推断的凯撒键在正确的句子上不准确

问题描述 投票:0回答:1

我尝试的过程是获取密文中每个字母的百分比,与英文频率文本进行比较,并计算密文与参考频率之间的频率差异。接下来,我将两个文件之间的差异标准化(尝试了各种方法;这次常数:50,除数:3;很可能是错误的),并取平均值作为密钥。

主要程序:

attempts = 0
max_attempts = 3

while attempts < max_attempts:
    input_file_name = input("Please enter the file you want to analyze: ")

    if input_file_name.endswith('.txt') and os.path.exists(input_file_name):
        input_text = ManageFile.openFile(input_file_name)

        if input_text is None:
            print("Error: Unable to read the input file.")
            attempts += 1
        else:
            reference_file_name = input("Please enter the reference frequencies file: ")

            if reference_file_name.endswith('.txt') and os.path.exists(reference_file_name):
                reference_frequencies = ManageFile.openFile(reference_file_name)

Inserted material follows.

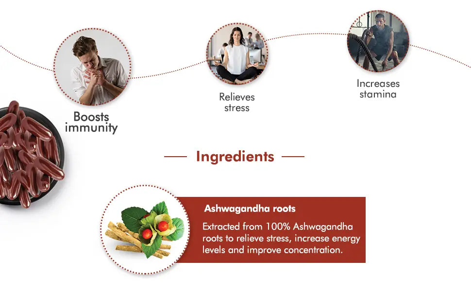 In scientific studies, Dabur Ashwagandha Capsules have shown to support the adrenals via reducing cortisol levels that helps counter the negative effects of this hormone. Its supplementation has shown to improve strength and stamina by improving heart and lung capacity while increasing energy levels. It is also known to be a great immunity booster and has antioxidant properties.

                if reference_frequencies is None:
                    print("Error: Unable to read the reference frequencies file.")
                    attempts += 1
                else:
                    analyzer = FrequencyAnalyzer(input_text, reference_frequencies)
                    inferred_cipher_key = analyzer.analyze_text()
                    print("Inferred Caesar Cipher Key (Number of Shifts):", inferred_cipher_key)

                    decrypt_file = input("Do you want to decrypt the file? (y/n): ").lower()

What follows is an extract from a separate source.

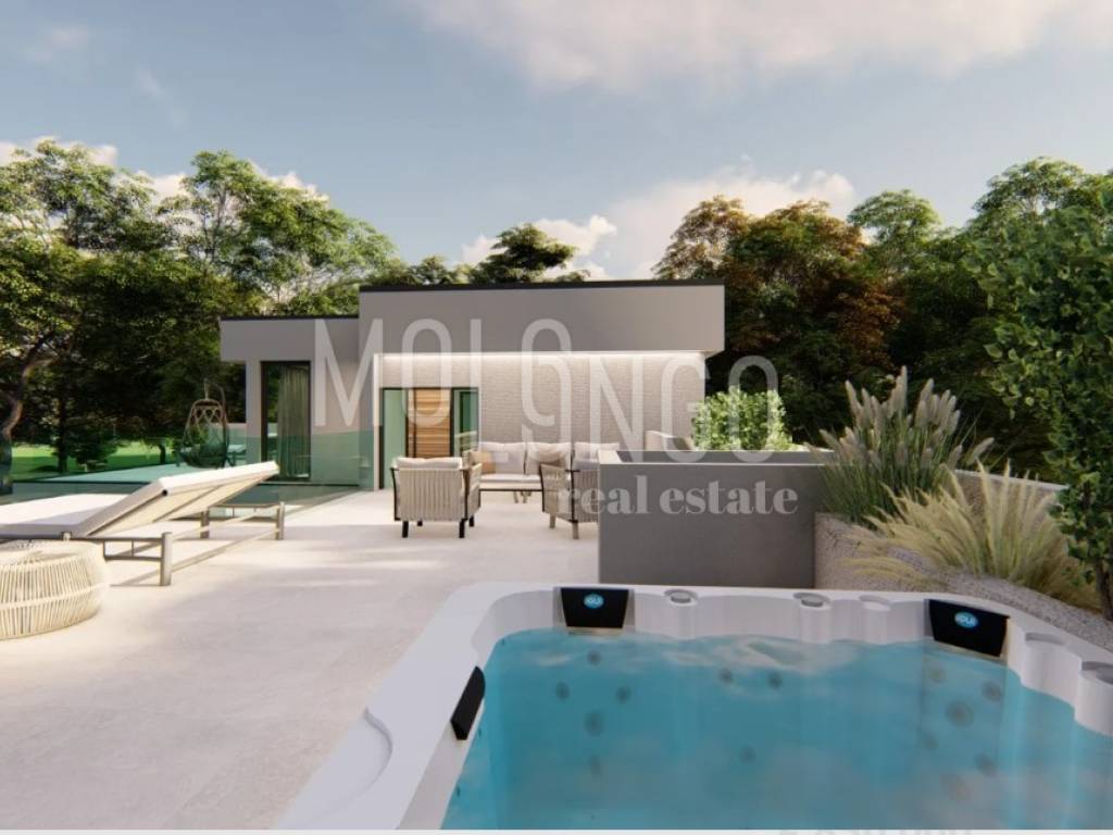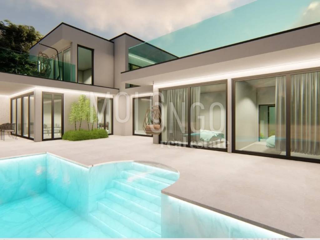 Villa in luxuriöser architektonischer Bauweise, gelegen auf einem 2.700 m2 großen Baugrundstück mit großem Swimmingpool, gelegen in einer ruhigen Gegend mit viel Natur. Derzeit im Bau, Zimmerei wird eingebaut. Geplanter Abschluss der Arbeiten 12/2024.

                    if decrypt_file == 'y':
                        decrypted_text = Caesar(inferred_cipher_key).decrypt(input_text)
                        print("Decrypted Text:")
                        print(decrypted_text)
                        inner_attempts = 0
                        while inner_attempts < max_attempts:
                            output_file_name = input("Please enter a output file: ")

                            if output_file_name.endswith('.txt'):
                                if os.path.exists(output_file_name):
                                    overwrite = input(f"The file '{output_file_name}' already exists. Do you want to overwrite it? (y/n): ").lower()
                                    if overwrite != 'y':
                                        print("Decryption canceled.")
                                        break # Exit the loop if user doesn't want to overwrite and return to the main menu
                                    else:
                                        print(f"Overwriting the file '{output_file_name}'...")

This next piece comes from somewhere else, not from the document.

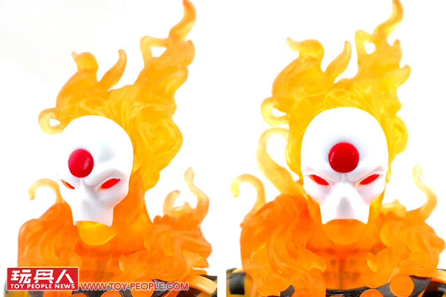 ▼頭雕,飄忽不定的火燄相當有動感,面具則是立體雕刻配合塗裝而成。

                                ManageFile(input_text, inferred_cipher_key).toFile(output_file_name, decrypted_text)
                                print(f"Decrypted text has been saved to '{output_file_name}'")
                                break  # Exit the loop if a valid output file name is provided
                            else:
                                print("Invalid output file name. Please include '.txt' extension.")
                                inner_attempts += 1
                        else:
                            print("Failed to read the file after 3 attempts. Returning to the main menu.")
                    else:
                        print("Decryption canceled.")
                    break
            else:
                print("Invalid reference frequencies file name or file does not exist. Please include '.txt' extension.")
                attempts += 1
    else:
        print("Invalid input file name or file does not exist. Please include '.txt' extension.")
        attempts += 1

if attempts >= max_attempts:
    print("Failed to read the file(s) after 3 attempts. Returning to the main menu.")

功能:

class TextAnalyzer:
    def __init__(self, text):
        self._text = text
        self._processed_text = ""
        self._all_letters = string.ascii_uppercase
        self._cleaned_letters = []
        self._cleaned_letters_count = 0
        self._individual_letter_counts = {}
        self._top_5_letter_counts = []

    def _preprocess_text(self):
        self._cleaned_letters = list(filter(str.isalpha, self._text.upper()))
        self._cleaned_letters_count = len(self._cleaned_letters)
        self._individual_letter_counts = collections.Counter(self._cleaned_letters)
        self._top_5_letter_counts = self._individual_letter_counts.most_common(5)
        self._processed_text = " ".join(self._cleaned_letters)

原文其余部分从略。